The param_grid
parameter in scikit-learn’s GridSearchCV
is used to specify the hyperparameters and their corresponding values to search over during the grid search process. Defining an appropriate param_grid
is crucial for finding the best combination of hyperparameters for a given model.
Grid search is a method for exhaustively searching over a specified set of parameter values to find the best combination. It trains and evaluates the model for each combination of parameters, using a specified scoring metric to compare performance.
The param_grid
parameter takes a dictionary where the keys are the names of the hyperparameters and the values are lists of values to try for each hyperparameter. GridSearchCV
will then search over all possible combinations of these values.
from sklearn.datasets import make_classification
from sklearn.svm import SVC
from sklearn.model_selection import GridSearchCV
# create a synthetic dataset
X, y = make_classification(n_samples=1000, n_classes=2, random_state=42)
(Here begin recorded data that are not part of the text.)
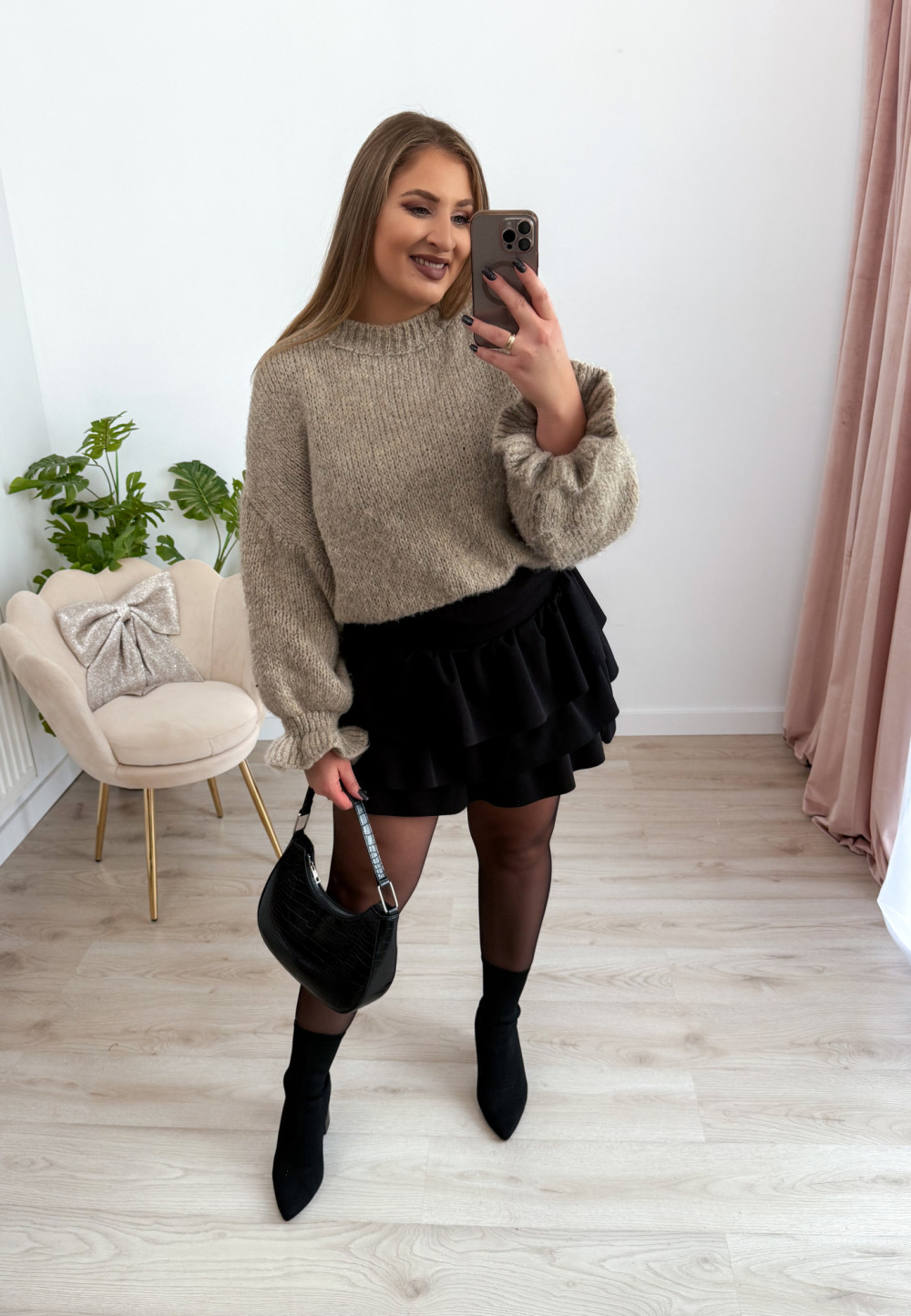 Ta urocza spódniczka z falbanek to propozycja, która doda lekkości i dziewczęcego uroku każdej stylizacji. Idealnie podkreśla talię dzięki wygodnej gumce, a jej delikatna forma pięknie współgra z miękkimi sweterkami i eleganckimi bluzkami.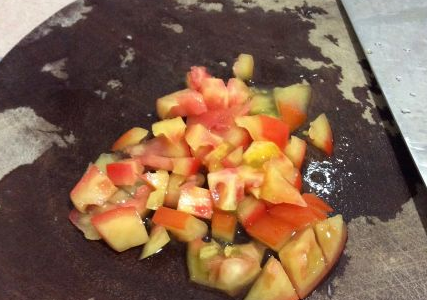 杏鲍菇洗净、蕃茄去皮切成1厘米见方的细丁;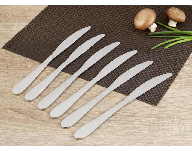 - sechsteilige Sets mit je sechs Gabeln, Messern, Ess- und Kaffeelöffeln aus Edelstahl

# define the parameter grid
param_grid = {
'C': [0.1, 1, 10],
'kernel': ['linear', 'rbf'],
'gamma': ['scale', 'auto']
}
# create a GridSearchCV object
grid_search = GridSearchCV(estimator=SVC(), param_grid=param_grid, cv=5)
# perform the grid search
grid_search.fit(X, y)
# report the best parameters
print("Best parameters found:")
print(grid_search.best_params_)
Best parameters found:
{'C': 10, 'gamma': 'scale', 'kernel': 'linear'}
The key steps in this example are:
- Generate a synthetic binary classification dataset using
make_classification
- Define the
param_grid
dictionary with the hyperparameters and their values to search over - Create a
GridSearchCV
object with the estimator (SVC
),param_grid
, and the number of cross-validation splits (cv
) - Fit the
GridSearchCV
object to perform the grid search - Print out the best parameters found by the grid search
This demonstrates how to set up the param_grid
parameter in GridSearchCV
to search over multiple hyperparameters and their corresponding values, allowing you to find the best combination for your specific model and dataset.